Phenomenally insightful and intriguing post! Thanks for sharing – it’s more than evident that DOW, particularly the pro forma Dow DuPont entity, has enormous influence in the global fight against climate change, simply given its absolute reach into the lives of consumers around the world.
While looking into Dow’s sustainability initiatives a bit more, I found its 2025 Sustainability Goals document. Recognizing that Dow itself is a huge company, I felt like there were a ton of different goals they were looking to tackle in a variety of areas related to climate change. In light of that, I would absolutely echo parts of Naomi’s point above – how exactly do all of these initiatives fit together into one cohesive strategy or vision for a sustainable planet? How do they stack rank these various projects and allocate scarce financial capital and other resources – based on contribution to the bottom line or to reducing negative environmental impact?
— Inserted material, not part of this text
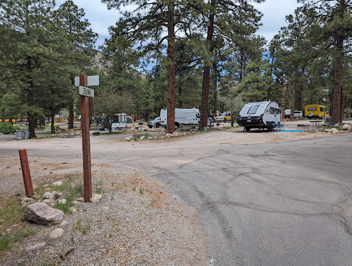The campground is located within a lightly forested area at the base of Elden Mountain. Most of the roads within the campground are one-way roads, marked as such on the campground map but generally not on the roads themselves. Some roads are paved while others are gravel. All of the RV sites have gravel pads, a picnic table, and an elevated charcoal grill. Some sites are equipped with extras such as fire pits, patios, and cable hookups.

http://www.dow.com/en-us/science-and-sustainability/2025-sustainability-goals/leading-the-blueprint
Dow seems to be very well positioned to lead the market when it comes to desalination (particularly reverse osmosis) technology. It will be really interesting to see what happens with the Carlsbad plant to figure out if this is a sustainable model. It makes me wonder what causes the costs of the plants to be so high, is it primarily driven by the filter material or is it driven by the energy required to force it through the material. Both of which seem to be helped by the advances in nano-filters. I hope that the public sector continues to invest in this infrastructure such that it continues to drive companies like Dow to invest in R&D that could ultimately make this technology competitive with basic water treatment facilities.